**Source data**
Content starts
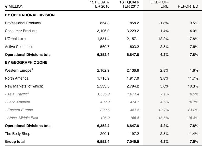 欧莱雅集团今年4月发布的2017年第一季度财报显示,其该季度营收为68.5亿欧元,同比增长4.2%。高端化妆品部门销售额为21.6亿美元,实现了12.2% 的增长。其中亚洲地区贡献了24%的销售额,中国成为高端化妆产品消费的主力军。而The Body Shop销售额为1.972亿欧元,同比下降1.4%。和集团的其他业务相比,差距还是很明显的。
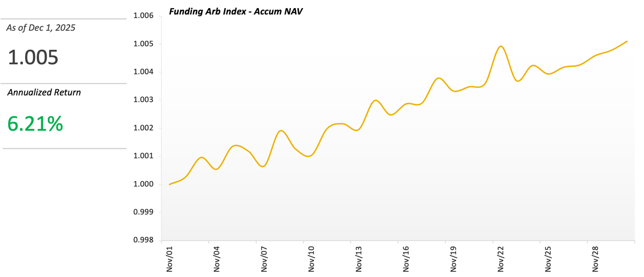 We have retrieved the assets of multiple crypto trading teams to the same starting point (November 1st at UTC 0) utilizing a historical retrieving mechanism, calculating the accumulated NAV for each team using the TWR (Time-Weighted Return) measure, and then taking the arithmetic mean to derive an index benchmark that represents the market’s Funding Arbitrage.
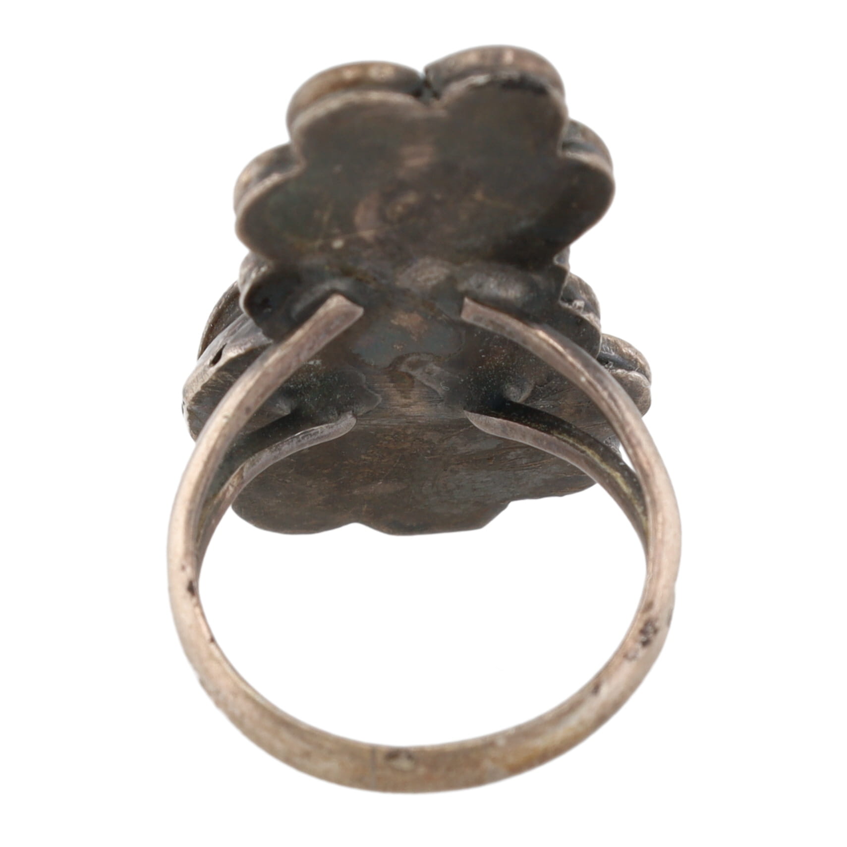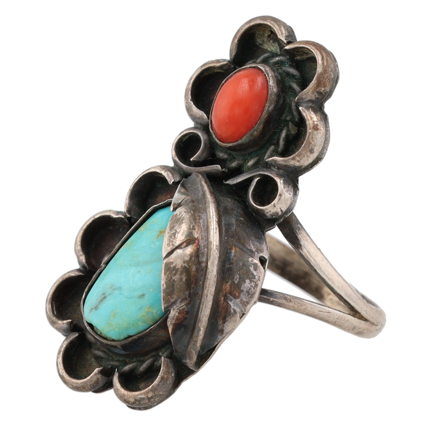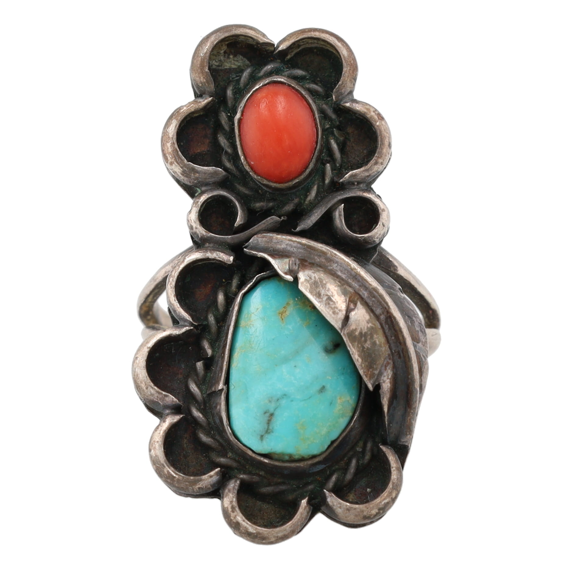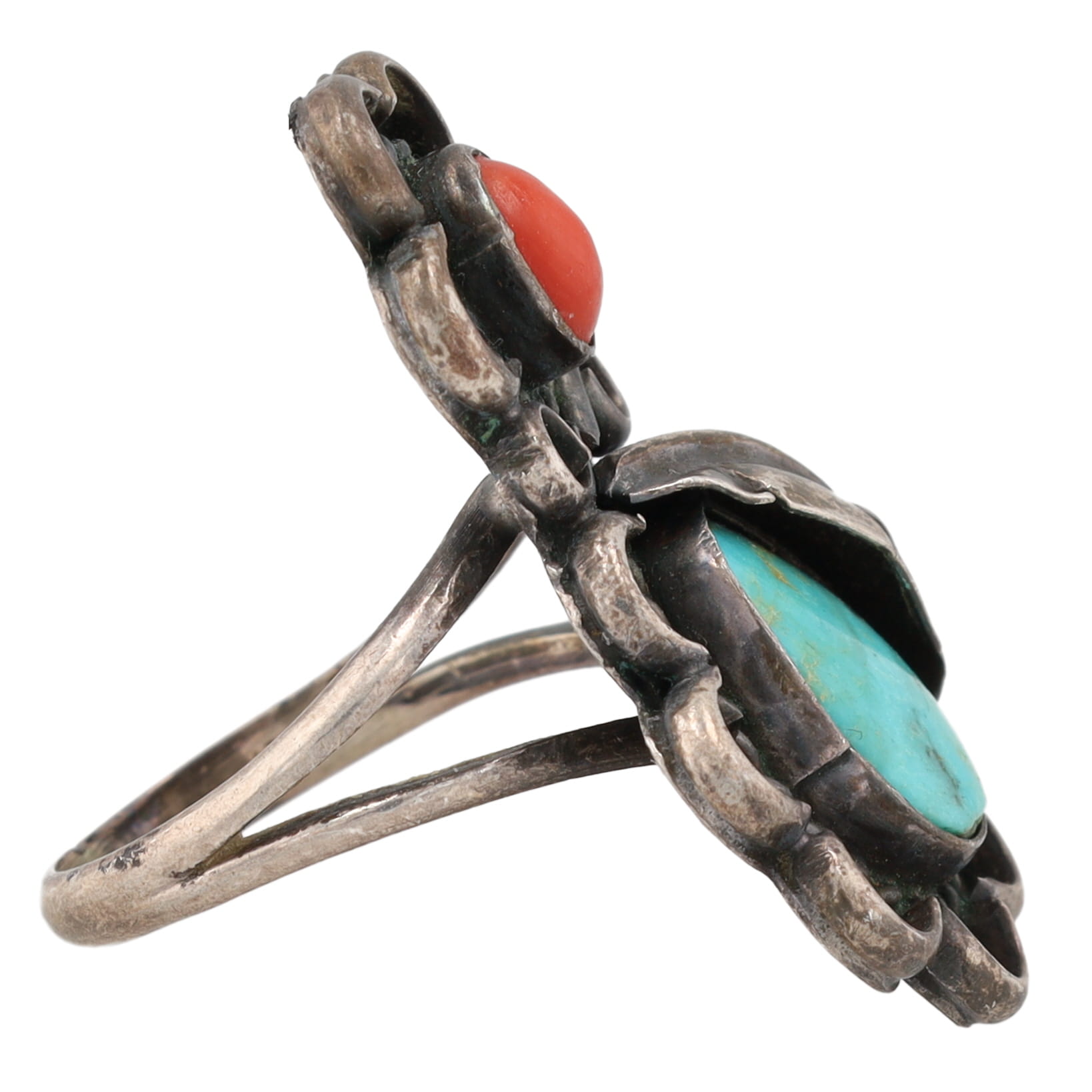 Vintage Navajo Turquoise Coral Sterling Ring Sz. 5.75, 6.5g
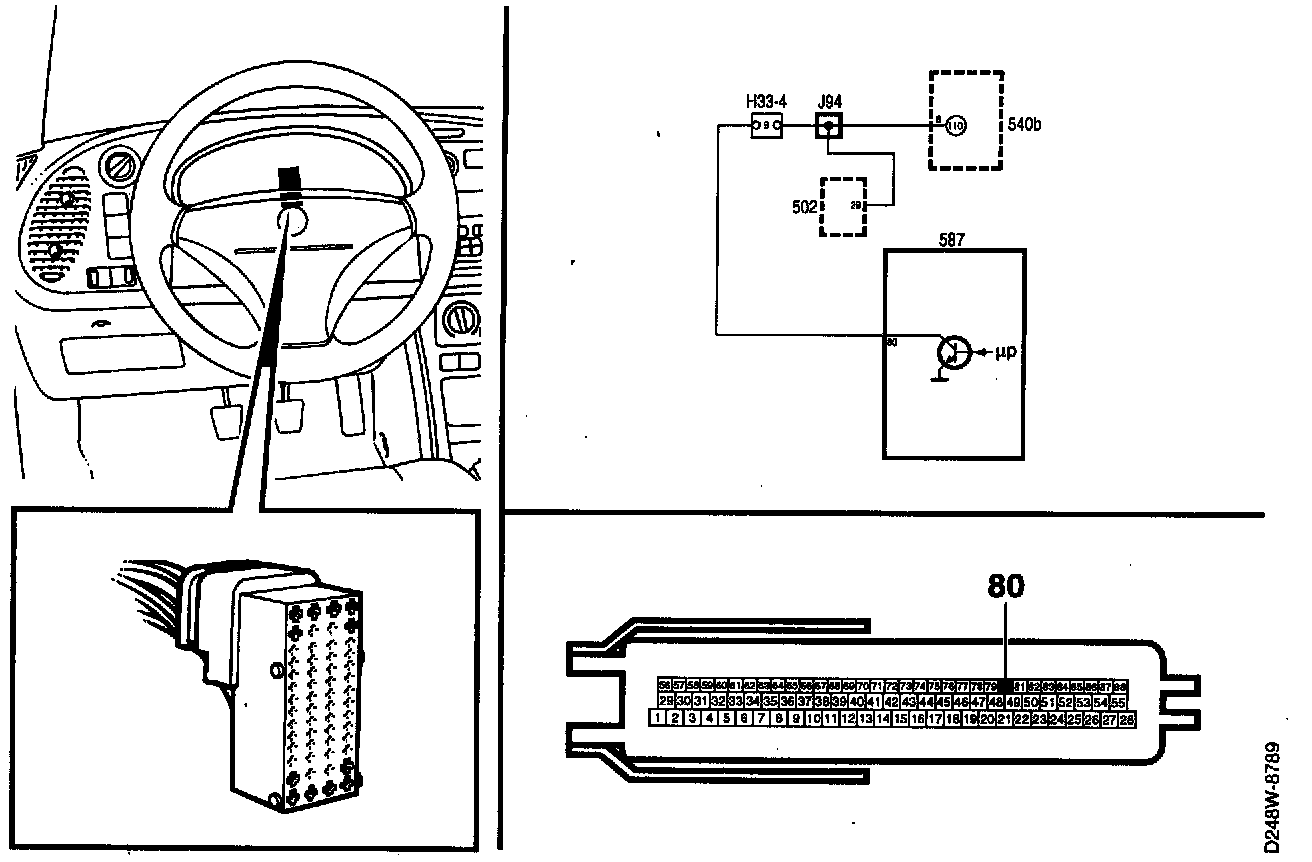 - Check the continuity of the wiring between pin 80 of the Motronic control module and pin 6 of the main instrument display panel.
Content ends
**Assignment**
Give the listing again word for word. Skip every image.

**Answer to the problem**
 欧莱雅集团今年4月发布的2017年第一季度财报显示,其该季度营收为68.5亿欧元,同比增长4.2%。高端化妆品部门销售额为21.6亿美元,实现了12.2% 的增长。其中亚洲地区贡献了24%的销售额,中国成为高端化妆产品消费的主力军。而The Body Shop销售额为1.972亿欧元,同比下降1.4%。和集团的其他业务相比,差距还是很明显的。
 We have retrieved the assets of multiple crypto trading teams to the same starting point (November 1st at UTC 0) utilizing a historical retrieving mechanism, calculating the accumulated NAV for each team using the TWR (Time-Weighted Return) measure, and then taking the arithmetic mean to derive an index benchmark that represents the market’s Funding Arbitrage.
 Vintage Navajo Turquoise Coral Sterling Ring Sz. 5.75, 6.5g
 - Check the continuity of the wiring between pin 80 of the Motronic control module and pin 6 of the main instrument display panel.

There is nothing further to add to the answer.